Через полгода древесно-сахарный завод объединения «Карлссон» выпустил первую партию готовой продукции: шесть килограммов деревянного сахара, себестоимость которого достигла двух тысяч двухсот марок за килограмм. Расчеты затрат, представленные доктором Куйвалайненом, не оправдались, и он испытывал беспокойство при мысли о будущем своих сыновей. Тем временем производство продолжали — ведь дело-то было общественно полезное, направленное на улучшение народного благосостояния! Однако результаты по-прежнему не удовлетворяли никого. Расход сырья был огромен, и потому цена килограмма сахара оставалась слишком высокой. Министерство потребовало объяснений. Я послала объясняться доктора Куйвалайнена, и снова мы добились распоряжения продолжать работу. Правда, на этот раз — с некоторыми изменениями в производственном процессе. В качестве сырья теперь уже использовали не финское дерево, так как содержание сахара в нем оказалось чрезвычайно низким. Но свет ведь не сошелся клином на финском дереве, — к счастью, дерево имелось и в других местах (хотя финнам трудно поверить в это). В Соединенных Штатах Америки на старых, заброшенных кладбищах росли клены, их древесина отличалась довольно большой сахаристостью, как установил доктор Куйвалайнен, специально ездивший туда в научную командировку с двумя переводчиками. Поскольку опять-таки речь шла об улучшении питания народа, импорт американского сахаристого клена был разрешен особым постановлением, и в адрес нашего знаменитого древесно-сахарного завода прибыло три парохода американских дров. Дело пошло лучше, и цена килограмма сахара упала до двух тысяч марок. Доктору Куйвалайнену снова пришлось давать объяснения, и он сумел их дать с таким успехом, что вновь пришло распоряжение: производство продолжать. Однако теперь мы уже ввозили не толстые шишковатые бревна, употребляемые американцами на изготовление паркета, а закупоренный в бочки кленовый сироп, из которого варить древесный сахар было уже гораздо легче…

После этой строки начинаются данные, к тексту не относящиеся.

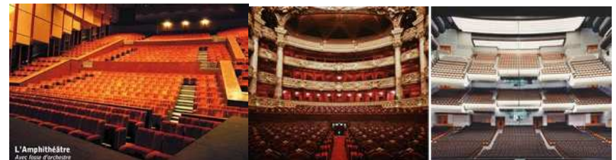
L'Amphithéâtre Avec fosse d'orchestre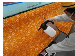
車内の消毒作業 (一般車両)

お客様におかれましても、手洗い・うがい・咳エチケットのほか、時差出勤など混雑時間帯を避けたご乗車や、車内換気のため天候や混雑状況に応じた窓上部の開閉等へのご協力、また、可能な限り、マスクの着用と会話の際の周囲へのご配慮をお願い申し上げます。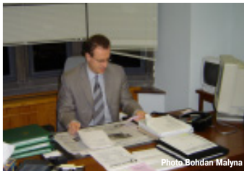
На робочому місці

депутат Михайло Лучкович. Відтоді в обох палатах парламенту побувало понад тридцять депутатів україн-ців, серед них відомий, як сенатор Юзик, Майкл Стар або Джон Гнатишин. На вашу думку, це багато чи мало в порівнянні до числа канадських українців? - Думаю, що це абсолютно зрозуміло, що це дуже мала цифра, а ще коли відрізати між сенатом і парламентом, то взагалі, дуже дивне явище, що так мало українців були в парламенті Канади.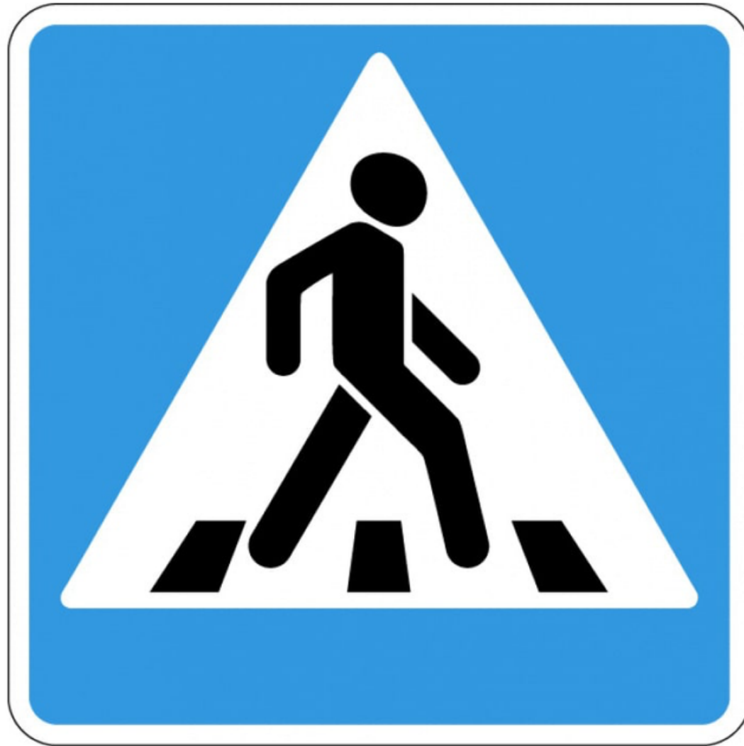
Дорожный знак «Пешеходный переход»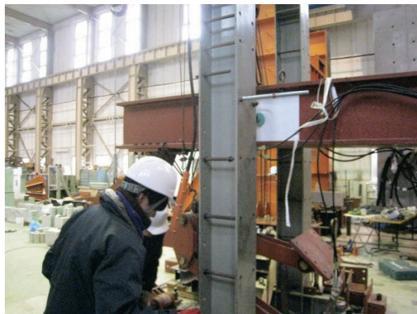
図 9.多目的載荷装置組換え

Доктора Куйвалайнена не приговорили ни к лишению свободы, ни даже к штрафу, ведь он занимался исследованиями, содействуя развитию финской науки, но все же после всего случившегося его уже не приглашали во дворец президента на балы по случаю Дня независимости. Древесно-сахарный завод объединения «Карлссон» прекратил производство сахара из кленового сиропа. Остатки продукции пришлось распродать по цене пятьдесят марок за килограмм. Все понесенные объединением убытки возместила государственная казна, поскольку даже канцлер юстиции не мог найти в деятельности объединения никаких признаков обмана. Я была счастлива тем, что отделалась от сахарного производства, но зато для Энсио такой исход означал душевную травму. Еще и по сей день он отказывается верить, что Финляндия не обетованная страна сахарного производства.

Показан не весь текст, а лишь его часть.